De son côté, Kovalesky (2001) fait le constat que les réactions de l’enfant aux visites sont considérées par les participantes de son étude (mères toxicomanes) comme un facteur pouvant influencer la poursuite ou non des visites auprès de l’enfant durant leur traitement. Lorsque les visites étaient perçues par les mères comme étant susceptibles d’affecter négativement le bien-être de l’enfant, les mères interrogées ont dit avoir tendance à limiter leurs contacts avec l’enfant. À l’inverse, si les réactions de l’enfant étaient perçues comme positives, les mères se sentaient encouragées à visiter leur enfant. Toutefois, l’étude démontre à quel point il peut être difficile pour les mères de bien interpréter les réactions de l’enfant. Par exemple, une mère raconte avoir cessé de visiter ses enfants durant son traitement dû aux réactions de ses enfants à la suite du placement (refus de manger, colère, agressivité), croyant que cela leur permettrait de mieux s’adapter dans leur milieu de vie substitut.

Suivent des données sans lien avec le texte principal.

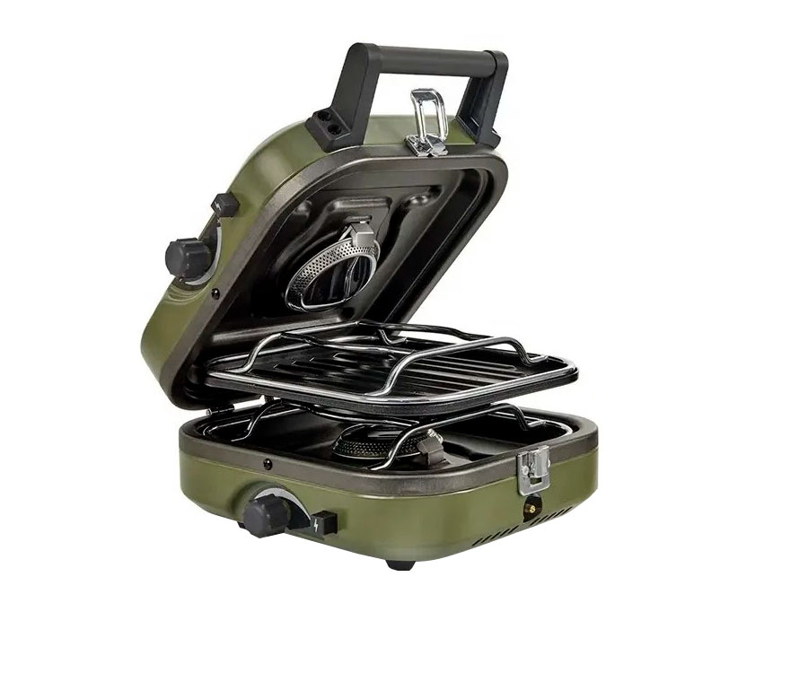 Горелку Naturehike NH22RJ003 можно использовать как обычно или как гриль, предварительно установив на конфорку ребристый противень из комплекта. Противень размером 19,4 х 17,4 см имеет антипригарную поверхность и позволяет вкусно и быстро приготовить стейки, сосиски, рыбу и другие продукты. Конструкция горелки изготовлена из сочетания нержавеющей и холоднокатаной стали, что положительно влияет на износостойкость и долговечность модели. Предельный вес, который она способна выдержать – 5 кг. Корпус отличается нетребовательностью в уходе: достаточно вовремя удалять копоть и остатки жира с металлической поверхности с помощью мягкой губки и моющего средства. Стойкость конструкции обеспечивают четыре пары обрезиненных ножек, которые минимизируют скольжение горелки по гладким поверхностям. Модель складывается подобно чемодану и закрывается при помощи металлического замка.

Avec du recul, cette mère dit regretter d’avoir cessé les visites, car selon elle cela n’a fait qu’augmenter le sentiment d’abandon ressenti par ses enfants. Pour une autre mère interrogée, la colère de sa fille à la fin d’une visite a plutôt été interprétée comme une preuve de son importance aux yeux de son enfant.

Afin de mieux soutenir les enfants avant et après les visites, les parents d’accueil rencontrés dans l’étude de Morrison, Mishna, Cook et Aitken (2011) ont dit vouloir ne plus se sentir à l’écart et souhaiter être informés sur ce qui se passe durant les visites. Tous les parents d’accueil et la majorité des intervenants ont parlé de leurs besoins d’être mieux formés. Ce

désir d’être mieux formés à l’égard des visites supervisées a aussi été soulevé par les intervenants rencontrés dans l’étude de Sellenet (2010).

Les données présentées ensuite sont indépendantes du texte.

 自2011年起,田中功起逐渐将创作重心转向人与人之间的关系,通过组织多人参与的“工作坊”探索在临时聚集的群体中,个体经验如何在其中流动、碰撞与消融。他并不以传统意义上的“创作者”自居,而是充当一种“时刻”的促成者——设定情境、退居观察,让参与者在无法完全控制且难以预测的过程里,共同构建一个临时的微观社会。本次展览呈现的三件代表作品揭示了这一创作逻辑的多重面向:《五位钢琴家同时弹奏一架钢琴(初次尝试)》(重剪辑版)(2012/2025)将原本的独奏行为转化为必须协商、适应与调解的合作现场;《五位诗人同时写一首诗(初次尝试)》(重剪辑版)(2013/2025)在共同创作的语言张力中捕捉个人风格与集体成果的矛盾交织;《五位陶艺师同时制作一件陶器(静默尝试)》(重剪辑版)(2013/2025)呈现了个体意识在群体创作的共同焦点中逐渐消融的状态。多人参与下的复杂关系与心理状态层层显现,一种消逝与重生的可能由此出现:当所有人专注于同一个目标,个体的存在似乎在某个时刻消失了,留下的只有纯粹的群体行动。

Dans l’étude réalisée par Morrison, Mishna, Cook et Aitken (2011), tous les intervenants interrogés ont abordé les effets bénéfiques pour les enfants des relations positives entre les parents d’accueil et d’origine. Entre autres, les participants ont dit que cela permettait de réduire le conflit de loyauté pouvant être ressenti par les enfants. À l’inverse, tous les intervenants et les parents d’accueil ont mentionné que, lorsque les relations sont tendues entre la famille biologique et les parents d’accueil, cela génère un sentiment de confusion et de colère chez l’enfant, ce qui augmente les chances de nuire à la stabilité du placement.

Selon les données de l’étude réalisée par Haight et al. (2002), la qualité de la relation entre la mère et la personne qui supervise les visites a été abordée par tous les participants comme pouvant avoir un impact sur l’enfant durant les visites. Certaines mères ont mentionné que, lorsqu’elles se sentent épier, juger et surveiller, leurs interactions avec l’enfant sont affectées. De leur côté, les parents interrogés dans les travaux de Sellenet (2010) ont parlé de la présence du tiers qui leur donne parfois l’impression d’être en prison. Ils ont dit ne pas apprécier le fait de se sentir constamment surveillés par les intervenants qu’ils vont même jusqu’à comparer à des gardiens de prison. Les parents ont parlé de leur désir de vivre avec plus d’intimité ces moments avec leur enfant.